RECORDS SUPPLIED.
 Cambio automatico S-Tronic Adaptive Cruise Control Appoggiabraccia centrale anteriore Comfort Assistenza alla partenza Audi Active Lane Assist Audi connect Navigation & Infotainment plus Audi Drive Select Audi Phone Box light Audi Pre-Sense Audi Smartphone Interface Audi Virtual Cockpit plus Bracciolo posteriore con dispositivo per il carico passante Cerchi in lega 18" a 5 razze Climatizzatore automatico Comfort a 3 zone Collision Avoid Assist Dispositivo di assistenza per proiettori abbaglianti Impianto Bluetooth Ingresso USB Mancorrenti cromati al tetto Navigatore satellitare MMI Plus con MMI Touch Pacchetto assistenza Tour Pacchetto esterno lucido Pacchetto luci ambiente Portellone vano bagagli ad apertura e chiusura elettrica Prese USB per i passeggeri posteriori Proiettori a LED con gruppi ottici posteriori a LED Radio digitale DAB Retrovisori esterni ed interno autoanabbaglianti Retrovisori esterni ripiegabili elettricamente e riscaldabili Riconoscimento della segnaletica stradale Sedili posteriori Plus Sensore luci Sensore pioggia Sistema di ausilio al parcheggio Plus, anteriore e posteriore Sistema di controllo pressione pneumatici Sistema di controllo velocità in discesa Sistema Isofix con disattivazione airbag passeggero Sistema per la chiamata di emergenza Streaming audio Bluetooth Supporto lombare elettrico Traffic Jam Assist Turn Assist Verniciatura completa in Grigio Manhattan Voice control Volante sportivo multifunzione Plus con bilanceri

* * *

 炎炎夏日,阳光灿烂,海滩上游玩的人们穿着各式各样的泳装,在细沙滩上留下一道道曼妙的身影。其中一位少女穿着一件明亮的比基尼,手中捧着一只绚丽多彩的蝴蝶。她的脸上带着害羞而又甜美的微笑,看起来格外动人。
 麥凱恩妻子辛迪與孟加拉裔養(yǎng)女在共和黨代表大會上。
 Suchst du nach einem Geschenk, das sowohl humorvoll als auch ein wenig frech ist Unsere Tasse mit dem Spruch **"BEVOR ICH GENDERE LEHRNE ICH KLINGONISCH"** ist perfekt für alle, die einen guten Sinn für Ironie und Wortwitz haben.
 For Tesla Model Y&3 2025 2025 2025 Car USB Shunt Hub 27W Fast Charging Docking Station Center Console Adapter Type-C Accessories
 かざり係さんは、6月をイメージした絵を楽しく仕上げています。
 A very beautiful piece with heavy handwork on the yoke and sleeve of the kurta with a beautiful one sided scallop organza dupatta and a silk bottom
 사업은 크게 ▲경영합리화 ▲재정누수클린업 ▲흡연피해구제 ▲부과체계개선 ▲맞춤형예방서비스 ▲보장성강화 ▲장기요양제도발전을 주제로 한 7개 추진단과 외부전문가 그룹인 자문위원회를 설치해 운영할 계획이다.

EXERCISE.
Above are the records; print exactly the lines from the line with "A very beautiful" to the line with "사업은 크게 ▲경영합리화", including both, and nothing else.

FINISHED EXERCISE.
 A very beautiful piece with heavy handwork on the yoke and sleeve of the kurta with a beautiful one sided scallop organza dupatta and a silk bottom
 사업은 크게 ▲경영합리화 ▲재정누수클린업 ▲흡연피해구제 ▲부과체계개선 ▲맞춤형예방서비스 ▲보장성강화 ▲장기요양제도발전을 주제로 한 7개 추진단과 외부전문가 그룹인 자문위원회를 설치해 운영할 계획이다.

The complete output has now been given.